From the end of 2019, an epidemic pneumonia caused by a new coronavirus occurred in Wuhan (Hubei Province) spread rapidly throughout China, evolving into a global pandemic [1, 2]. Originally called new coronavirus 2019 (2019-nCoV), this virus was then officially named severe acute respiratory syndrome coronavirus 2 (SARS-CoV-2) by WHO. On January 30, 2020, the WHO declared the SARS-CoV-2 epidemic a public health emergency of international concern. Coronaviruses are a large family of viruses that some of them are more known such as Middle East Respiratory Syndrome (MERS-CoV) and Severe Acute Respiratory Syndrome (SARS-CoV).

SARS-CoV-2 viruses are positive single-stranded RNA viruses, whose infection can be asymptomatic or lead to the coronavirus disease 2019 (Covid-19). Covid-19 has a very large pattern of respiratory manifestations but also other non-specific symptoms including fever, headache, hemoptysis, nausea, vomiting, and in particular diarrhea also previously detected in other coronavirus infections [3, 4]. Respiratory manifestations have a large spectrum of infectious signs from fever, dry cough, and dyspnea to pneumonia, pulmonary edema and acute respiratory distress syndrome (ARDS) requiring hospitalization in intensive care unit (ICU). The clinical spectrum of COVID19 varies from asymptomatic or mild disease (more than 80% of all cases) to respiratory failure that requires mechanical ventilation and to multiple organ dysfunction syndromes or failure. Patients requiring hospitalization in an intensive care unit have a high mortality rate. In terms of pathogenesis, SARS-CoV-2 recognizes the angiotensin converting enzyme 2 receptor (ACE2) by its spike protein. ACE2 is widely expressed in human tissues, including alveloar type 2 (AT2), capillary epithelium, the heart, liver, kidney, and endothelial cells [5]. ACE2 is also expressed in hematopoietic stem and progenitor cells [6]. ACE2 stimulates mobilization of progenitor cells from bone marrow, migration to areas of vascular damage and revascularization of ischemic areas in pathological conditions like hypoxic exercise [6,7,8]. SARS-CoV-2 also probably invades host cells via CD147 (also known as Basigin or EMMPRIN) [9]. This CD147 has been also identified as a red blood cell receptor for parasite Plasmodium Falciparum [10] and a vascular receptor for Neisseria meningitidis [11]. CD147 has been described as a marker of undifferentiated embryonic stem cells [12] and is also expressed on mesenchymal stem cells [13]. In addition, a research team from Germany revealed that the cellular serine protease TMPRSS2 for SARS-CoV-2 spike protein priming is also essential for the host cell entry and spread [14]. Currently, there is no specific treatment for Covid-19 and understanding effects and mechanism of SARS-CoV-2 invasion and dissemination will help to find new targets.

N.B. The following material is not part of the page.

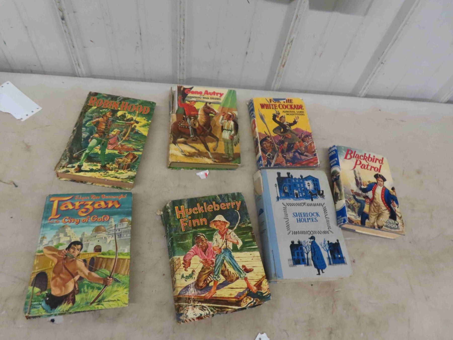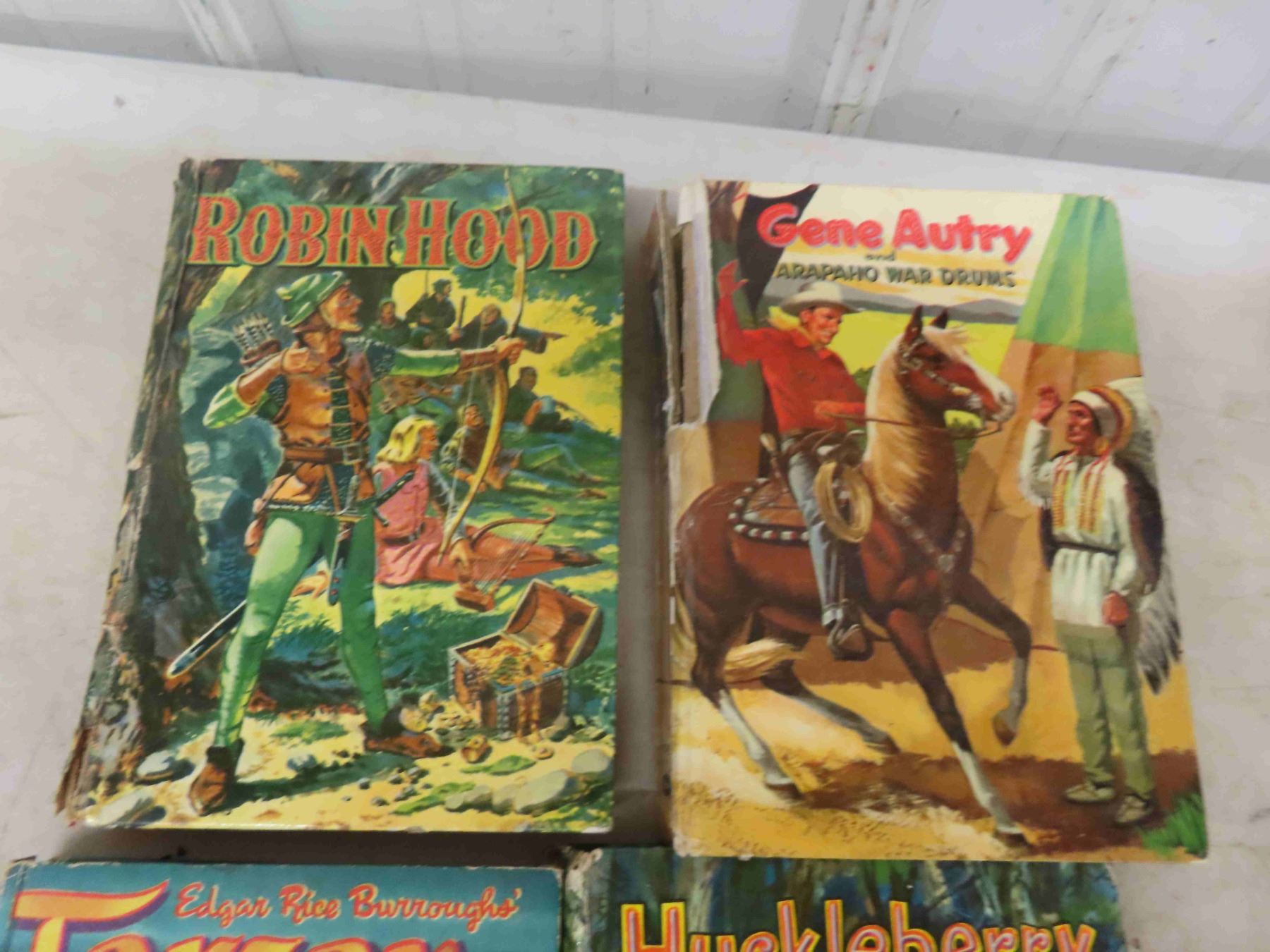 Good Old Hard Cover Story Books ; Huckleberry Finn, Gene Autry, Robin Hood, plus others

SARS-CoV-2 Infection Induces Hematological Disorders

Covid-19 is a respiratory infection with a significant impact on the hematopoietic system and hemostasis. The current hallmark of SARS-CoV-2 pathogenesis is the cytokine storm. Indeed, plasma concentrations of interleukin-6, interleukin-1β, TNF-α but also granulocyte colony stimulating factor (G-CSF) or interferon γ-inducible protein (IP10) seem very high in Covid-19 patients and even higher in intensive care unit (ICU) patients than non-ICU patients [15]. This cytokine release syndrome made relevant treatment by blocking cytokines or their receptors like tocilizumab and sarilumab that are humanized monoclonal mAb blocking Il-6 receptors [16] (CORIMUNO-SARI: NCT04324073; CORIMUNO-TOCI: NCT04331808) or Anakinra (ANA) that is a recombinant human decoy IL-1RA and therefore blocks IL-1α and IL-1β (CORIMUNO-ANA: NCT04341584). This cytokine release syndrome in Covid-19 patients is associated to a decreased count of lymphocyte [15]. Lymphopenia is present in more than 80% of Covid-19 patients at entrance [1] and could predict disease severity of Covid-19 [17]. This lymphopenia has been related to a significant decrease in T cells (in particular CD8 + T cells) and this significant decrease of T lymphocyte subset is positively correlated with in-hospital death and severity of illness [18]. B lymphocytes have also been proposed to be involved in Covid-19, since patients with Agammaglobulinemia lacking B lymphocytes had a mild clinical course in contrast to Covid-19 patients with Common Variable Immune Deficiency [19]. Since Human B Cell Memory through CD27dull and CD27bright epitope is different along age, B lymphocytes could be at the origin of difference responses between children and adults in early phase of Covid-19. Indeed, B cells from children are able to better generate natural antibodies with novel pathogens when compared to B cells from adults [20].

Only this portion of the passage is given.